* [PROVIDED DATA]:
==*==

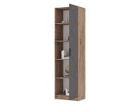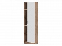 Открытые ниши подходят для книг или декора, который придает интерьеру индивидуальность. За распашной дверцей можно спрятать личные вещи. Ассиметричный узор на фасаде и сочетание матовой поверхности с текстурой дерева создают акценты меблировки.
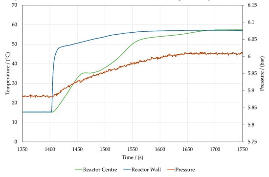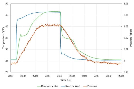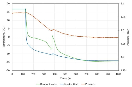 The rig and reactor were evacuated, the reactor isolated and the rig expansion vessels filled with ammonia. A separate air-cooled temperature-controlled circulator bath (Ministat 240, Huber, Offenburg, Germany) using water as the heat transfer fluid was used to regulate the temperature of the expansion vessels through the hose wrapping seen in Figure 4. Once stable temperature and pressure conditions were reached, the reactor and the composite samples were exposed to ammonia by opening the reactor to the expansion vessels. A series of LTJ tests were conducted using the published equilibrium data for NH4Cl from An et al. [3] as a guide to observe the phase change at different pressures in the range 0.5–8 bar.
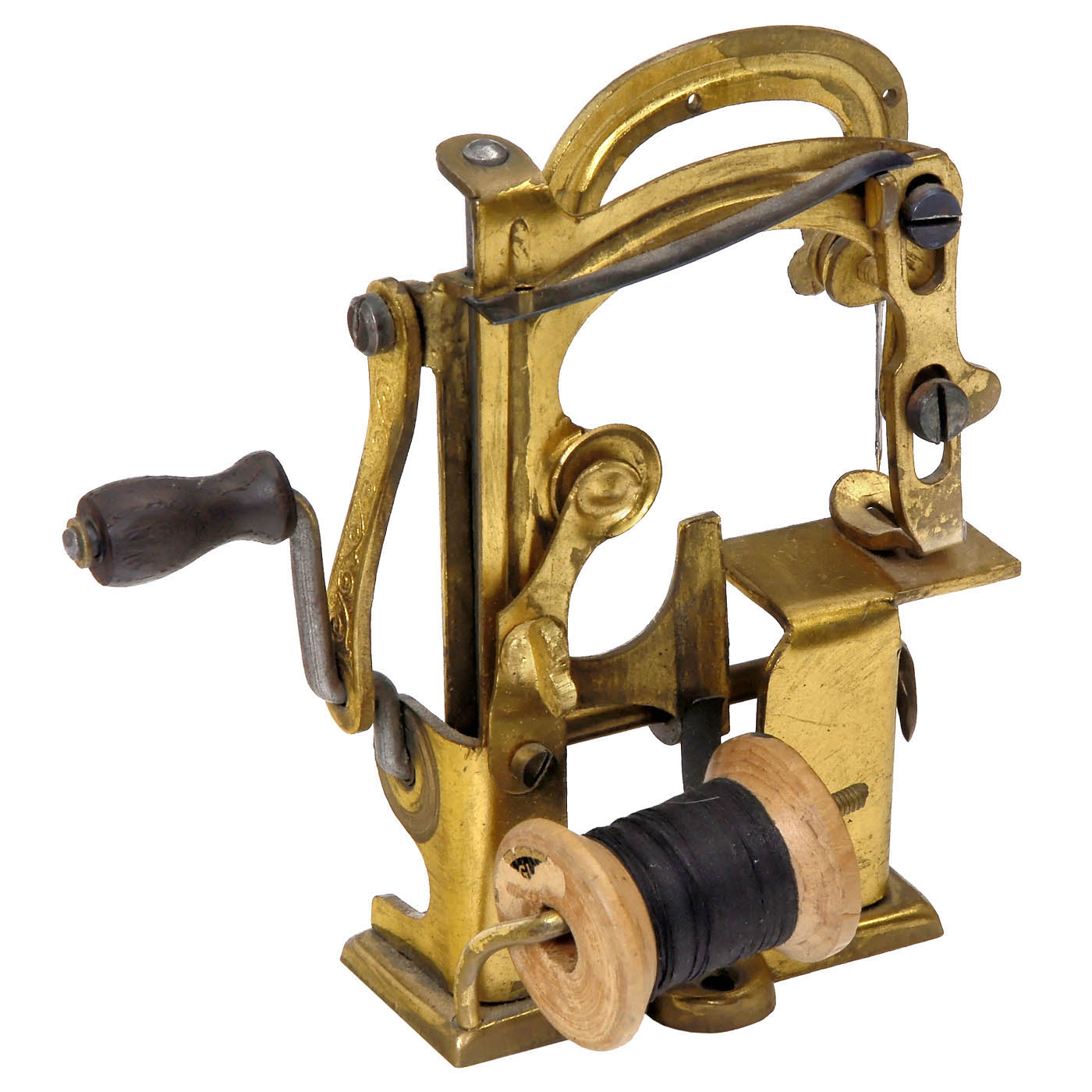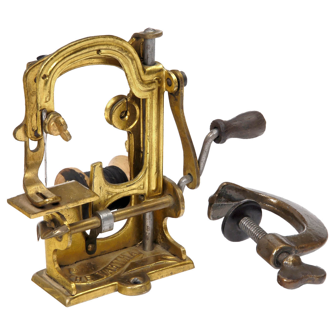 Manhattan Brass Co., New York, sold in England by Daniel Judson & Son Ltd., 77 Southwark Street, London South East, agents for Tabitha sewing machines under the name "The Popular Sewing Machine", embossed brass, hand-turned mechanism, thread spool, height 4 in., with table clamp, in damaged cardboard box, lid with parts of the instructions.

==*==

* [WHAT THIS TASK INVOLVES]:
Give the listing above again in its entirety and exactly; do not include the pictures.

* [SOLVED PROBLEM]:
 Открытые ниши подходят для книг или декора, который придает интерьеру индивидуальность. За распашной дверцей можно спрятать личные вещи. Ассиметричный узор на фасаде и сочетание матовой поверхности с текстурой дерева создают акценты меблировки.
 The rig and reactor were evacuated, the reactor isolated and the rig expansion vessels filled with ammonia. A separate air-cooled temperature-controlled circulator bath (Ministat 240, Huber, Offenburg, Germany) using water as the heat transfer fluid was used to regulate the temperature of the expansion vessels through the hose wrapping seen in Figure 4. Once stable temperature and pressure conditions were reached, the reactor and the composite samples were exposed to ammonia by opening the reactor to the expansion vessels. A series of LTJ tests were conducted using the published equilibrium data for NH4Cl from An et al. [3] as a guide to observe the phase change at different pressures in the range 0.5–8 bar.
 Manhattan Brass Co., New York, sold in England by Daniel Judson & Son Ltd., 77 Southwark Street, London South East, agents for Tabitha sewing machines under the name "The Popular Sewing Machine", embossed brass, hand-turned mechanism, thread spool, height 4 in., with table clamp, in damaged cardboard box, lid with parts of the instructions.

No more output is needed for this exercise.